A simplicidade da vida
Na cidade de pouco mais de 30 mil habitantes, a vida de dona Helena continua simples. Ela conta que gosta de caminhar pra ir ao mercado, “estirar a perna”. “Aqui a gente sai, anda. Gosto de fazer um exercício pro meu corpo, pra não estar ficando entrevada. Quando a gente fica parada demais, dá aquela dor, aquele cansaço de ficar quieto”, explica dando o ar de importância da atividade.
No Mercadão de Piracicaba (SP), cidade vizinha, dona Helena adora ir pra fazer a outra coisa que mais gosta: comprar alimentos, principalmente verduras. “Na Bahia, a gente só conseguia comprar verdura a cada oito dias”, explica a filha Maria. “Aqui ela sempre encontra ‘né’”.
Em Rio das Pedras, já é conhecida pelos moradores e, inclusive, os funcionários de um dos mercadinhos onde dona Helena pode matar a saudade do nordeste. É ali que ela encontra os ingredientes da região natal pra fazer algumas receitas típicas, como Cuscuz de Puba.

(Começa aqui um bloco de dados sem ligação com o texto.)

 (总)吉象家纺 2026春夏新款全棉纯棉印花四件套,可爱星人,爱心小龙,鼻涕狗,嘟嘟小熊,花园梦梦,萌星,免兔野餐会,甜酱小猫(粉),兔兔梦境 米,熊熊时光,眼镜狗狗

Pra comprar a farinha de mandioca, faz que nem aprendeu na Bahia: experimenta um “tiquinho” pra ver se está boa. O segredo da receita é simplesmente comprar farinha baiana, explica.

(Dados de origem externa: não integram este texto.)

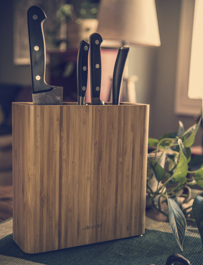 Pour une cuisine 100 % nature, le coutelier espagnol propose son bloc de couteaux en bois de bambou. Son système interne de fibres lui permet d’accueillir tout type de couteaux.

Nesse roteiro diário, quem vê dona Helena andando nos corredores custa a acreditar que ela já tem 111 anos. A baiana caminha sem apoio de ninguém, sai do carro sem precisar de nenhuma mãozinha, abaixa e levanta sem perder o equilíbrio, desce a rampa do supermercado “na carreira”, com passos tão ágeis como se não tivesse tantas décadas acumuladas no corpo.
A neta Cida conta que ela não tem problema nenhum de falta de saúde. Só tem um detalhe que ela precisa de atenção: a pressão alta que a faz ter que tomar um remédio regularmente.
“Eu me agradei muito daqui, só o clima que me dá uma tosse, quando é o tempo do frio, que eu fico tossindo”, conta dona Helena sobre a única dificuldade que diz ter de acostumar com a região.
Fora isso, dá só um trabalhinho pra família. “Toda vez que sente algo, uma dorzinha de cabeça, ela quer ir no médico”, conta Cida. Se é mania de aproveitar o que não tinha na Bahia ou prevenção, ninguém sabe, mas tirando as visitas médicas e o remedinho pra pressão, dona Helena só não deixa de tomar as vitaminas que não vive sem.
Bom humor, fé e muita paz
Dona Helena abre um sorriso largo enquanto segura um vestido no meio da sala de casa. De tecido preto com detalhes coloridos, ele é um dos muitos que ela costurou na vida. Após posar de modelo para as fotos, ela dá uma das inúmeras risadas que esboçou durante toda a entrevista e se mostra satisfeita com a atenção toda que recebeu:
“Eu estou velha assim, e o povo está tudo me adorando [risos]”, brinca.
Até ela tem dificuldades em definir qual o segredo de se viver tanto. Ela conta que já comeu muito feijão, que tem que comer bem pra ficar forte, dorme bem, faz um exercício. Alegria também é muito importante, cita dona Helena.
“O povo me pergunta como sou alegre com 111 anos. Eu agradeço pela vida, de estar semeando o mistério que Deus me deu.”
Se chegar tão longe na idade já é de se espantar, com a mente sã e a memória boa é ainda mais admirável. Ao ser questionada sobre o quanto ainda quer viver, dona Helena fala que espera ainda fazer muitos anos e comemorar todas as idades. Gosta de fazer festa no aniversário. “Fé em Deus pra pegar 112 anos”, planeja.
Sentir de verdade é outra coisa que a aposentada não abre mão. Não segurou as lágrimas de alegria por estar contando a história dela. Logo no começo da entrevista, o lencinho na mão enxugou a emoção do momento.
Para ela, enquanto a pessoa tiver paz, para viver, na hora de comer, na hora de beber o café, pra dormir, os anos de vida vão se esticando. “O segredo é ter paz, e acreditar em Deus, que ele cuida do princípio da vida até o fim, Ele ajuda”, resume.
Entre tantos agradecimentos e sorrisos, ela só tem um pedido para os dias que ainda terá de vida. “Só peço a Deus que não deixe eu caducar.”